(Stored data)
== Segment start ==

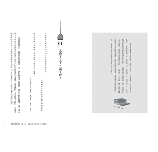除此之外,讀書的目的並非「成功」或是「競爭」,而是「成長」。不論身在何處、做什麼事,「讀書」是為自己的人生及夢想做準備的過程。
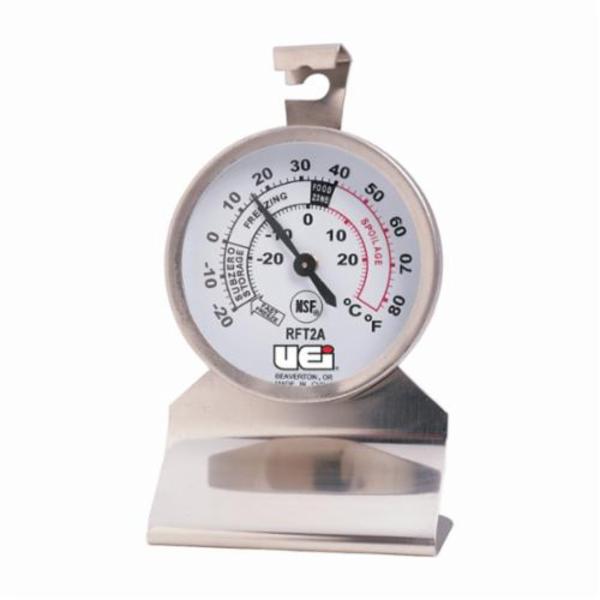 Analog Refrigerator/Freezer Thermometer, 2" Dial, -20 to 80 Deg F, Stainless Steel
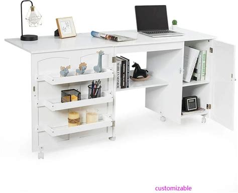 Folding Sewing Table, Versatile Sewing Craft Cart With Storage Cabinet Shelves And Lockable Casters,
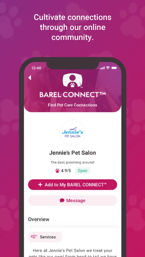 The future of pet care is here! BAREL™ is a safe and simple way to meet your pet care needs through a single app.
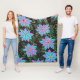 Cobertor De Velo Flores Azuis e Roxas em Preto
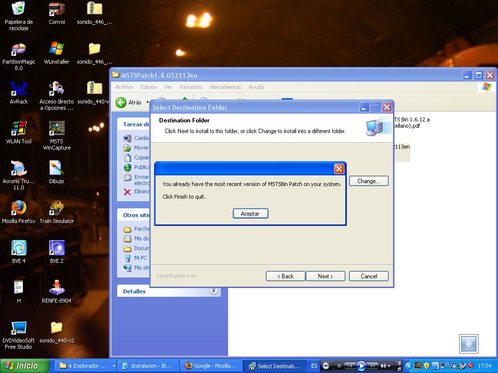 2.foto:error al instalar el parche, pone que ya esta instalado
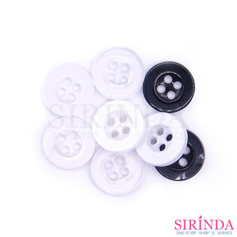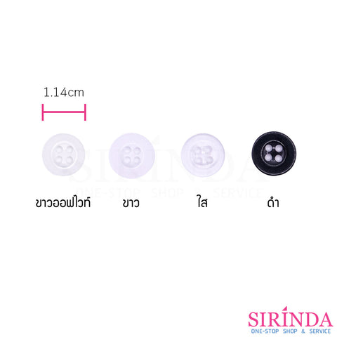 กระดุมเรซิ่นเสื้อเชิ้ตและเสื้อโปโล4รู โทนขาวดำใส (11.43มิล) (0001117)

== Segment end ==

ASSIGNED TASK:
Beginning with the line that holds "The future of" and continuing to the end of the entries above, set down each line exactly, both ends included; include no pictures.

RESPONSE FOR THIS EXERCISE:
 The future of pet care is here! BAREL™ is a safe and simple way to meet your pet care needs through a single app.
 Cobertor De Velo Flores Azuis e Roxas em Preto
 2.foto:error al instalar el parche, pone que ya esta instalado
 กระดุมเรซิ่นเสื้อเชิ้ตและเสื้อโปโล4รู โทนขาวดำใส (11.43มิล) (0001117)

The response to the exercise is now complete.